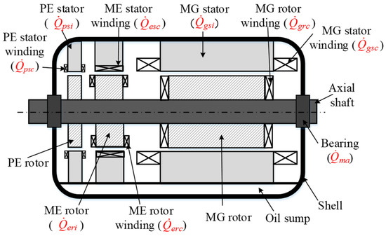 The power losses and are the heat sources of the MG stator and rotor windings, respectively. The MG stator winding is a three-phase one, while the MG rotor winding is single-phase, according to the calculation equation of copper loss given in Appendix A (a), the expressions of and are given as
*-*-*
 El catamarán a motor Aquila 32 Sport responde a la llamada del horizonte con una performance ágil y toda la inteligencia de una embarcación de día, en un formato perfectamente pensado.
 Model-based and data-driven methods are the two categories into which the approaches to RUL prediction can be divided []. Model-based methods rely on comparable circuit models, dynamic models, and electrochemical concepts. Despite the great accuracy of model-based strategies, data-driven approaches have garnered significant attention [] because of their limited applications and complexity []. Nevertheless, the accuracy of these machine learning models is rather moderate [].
*-*-*
▸ Exercise aim
The stretch of entries above that starts with the line containing "El catamarán a" and goes on through the line containing "Model-based and data-driven" is to be transcribed exactly, and no other line is to be transcribed.

▸ Result of this task
 El catamarán a motor Aquila 32 Sport responde a la llamada del horizonte con una performance ágil y toda la inteligencia de una embarcación de día, en un formato perfectamente pensado.
 Model-based and data-driven methods are the two categories into which the approaches to RUL prediction can be divided []. Model-based methods rely on comparable circuit models, dynamic models, and electrochemical concepts. Despite the great accuracy of model-based strategies, data-driven approaches have garnered significant attention [] because of their limited applications and complexity []. Nevertheless, the accuracy of these machine learning models is rather moderate [].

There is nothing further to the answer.